Biotech

I Decline

by Cat RamboNovember 6, 2020

I Decline.

With all due respect, sirs and madams and others, I am declining the technology awarded to me by the US Department of Geriatric Care. I know it is a small and inconsequential thing to you. Look at how simply you have engineered it, this memory keeper. Only a metal ball, the size of my fist, and that an older model now. I am sure you get them at a good rate, given how many you give out.
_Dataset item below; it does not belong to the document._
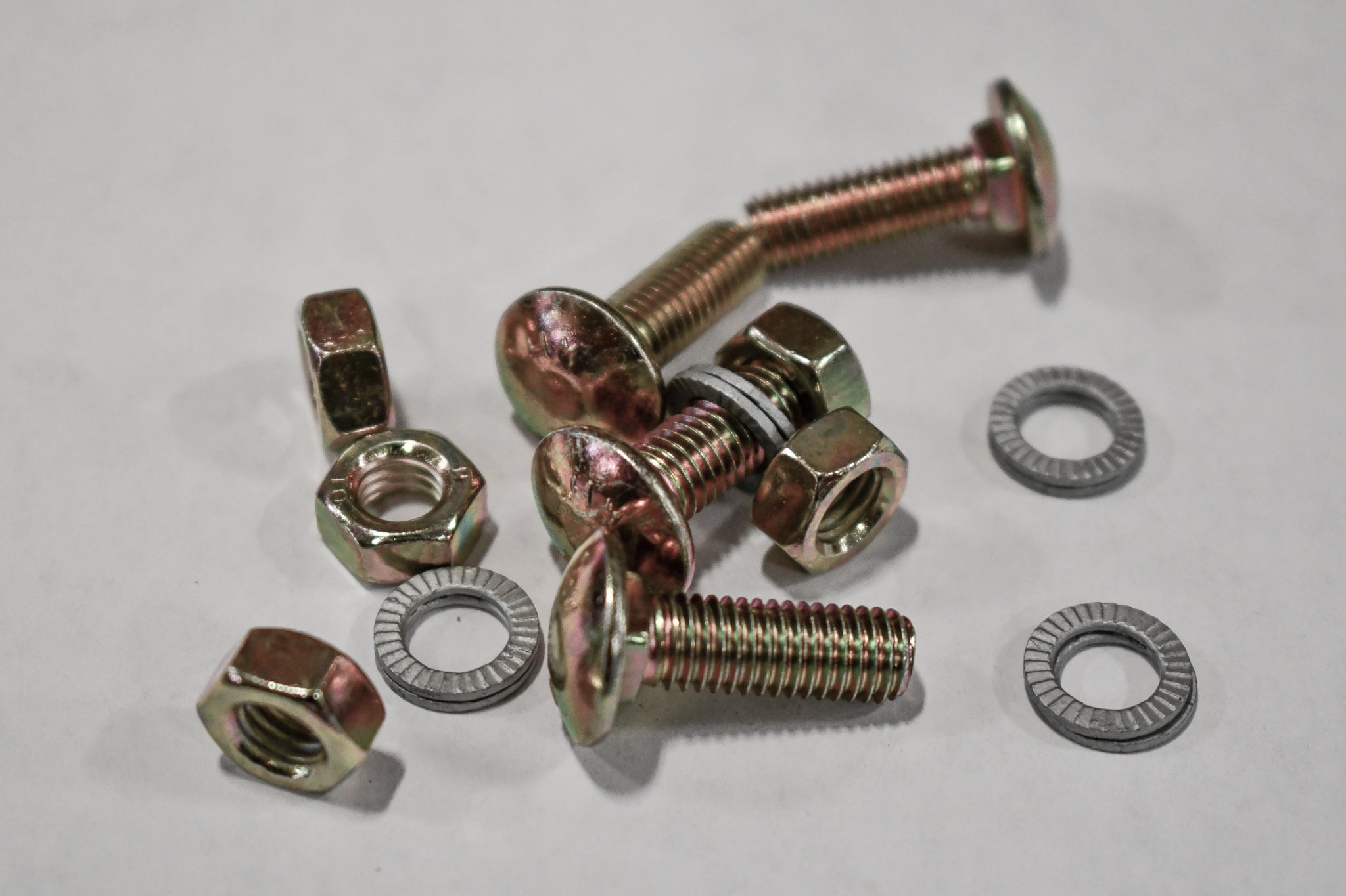 Our hardware is Grade 8.8 M8 bolts finished in a harsh environment coating with Nordlock washers and nuts. Nordlock washers are vibration resistant and take quite a bit of torque to loosen once tightened! These washers will not shake loose on the trail!

But it lets you do too much.

I use it faithfully when it arrived. How could I not? All the grandchildren and great grandchildren and great-great grandchildren pooled their money to buy a fancy UI for it, make it something that would remind me to download every day. They said--and here is something that will bring tears to a man's eyes, hearing his descendants say it, "We don't want you to die, Baba."

When I was young, I would have said the same. Dying was unimaginable, lying down and never getting up. But nowadays sometimes I think about it. I imagine lying in the woods under trees. It is cold, but I'm wrapped in a fluffy comforter and perfectly dry, lying there, listening to the rain that cannot touch me. Going to sleep.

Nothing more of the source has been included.